Because solar energy is free, while oil and gas are scarce and expensive. This will make your oil-fueled products economically uncompetitive against Chinese products made with solar energy. Not this year, but two to five years from now.
I was under the impression that we were discussing crude as feedstock for chemicals versus coal.
I was not discussing what we would be using as the energy source.
Oil-based petrochemical chains are shorter, cleaner, and more energy-efficient. Coal-based chains substitute chemical routes via synthetic gas and methanol, with higher cost and more energy usage.
It makes sense for a country like China that is not rich in oil and has vast coal reserves, but not in the environmental sense, only in the strategical, geopolitical sense.
That's highly variable - a significantly large volume of coal mined globally is via bucket-wheel excavators / mobile strip mining machines.
That's overburden removal followed by near surface bed extraction with machines - no underground mining, underground being the mining domain that sees high injury and death rates.
Regardless, fuel from oil or fuel from coal is still fuel from dead and buried organics, from resurfaced long buried carbon products, and still introducing more CO2 into the atmosphere which is counter productive toward any goal of reducing the insulation factor of the atmosphere.
Long term if people would really like to do something with CO2 emissions then CO2 captured from atmosphere can be used for chemical processes instead of coal/oil.
Got a link to a Technical Economical Feasibility Report on this?
As in, what can practically be achieved in the real world at large within the next 25 years that can be immediately funded with a forward capital loan to break ground on a plant within 12 to 18 months and start operating within five years?

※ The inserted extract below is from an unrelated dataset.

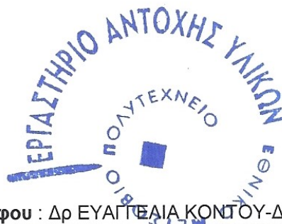
Δρ Β. ΒΑΔΑΛΟΥΚΑ

Υπεύθυνος Αναθεώρησης Εγγράφου : Δρ ΕΥΑΓΓΕΛΙΑ ΚΟΝΤΟΥ-ΔΡΟΥΓΚΑ

How does actual atmospheric carbon capture scale out within a useful time frame?
We've taken 150 years to emit all this carbon. Why do you think that a solution that takes more than 5 years isn't practical? I don't think the real world is actually where you're living.
> Why do you think that a solution that takes more than 5 years isn't practical?
A better question would be why do you think that is what I said or implied?
I'm well aware that in the future we will all be flying jet-ski's and teleporting to Mars, today I'm more interested in near and mid term policy, for one of many examples the recent CSIRO cost and benefits report on nuclear vs renewable strategies in Australia (what did that conclude, and will it swap policy decisions).
Given you've apparently taken the mantle of one who lives in the real world rather than the dull fantasy world I inhabit perhaps you could expand on the existing abilities and plans for carbon storage and fuel from air and contrast the achievable volumes within time frames that matter against the current and projected volumes of carbon emissions.
We're mostly all looking for a path forward in my neighborhood, a little less interested in wishful thinking about distant futures, so any pragmatic detail you can provide about next steps would be constructive.
> I don't think the real world is actually where you're living.
Cheap swipe kragen, I've previously thought you could do better.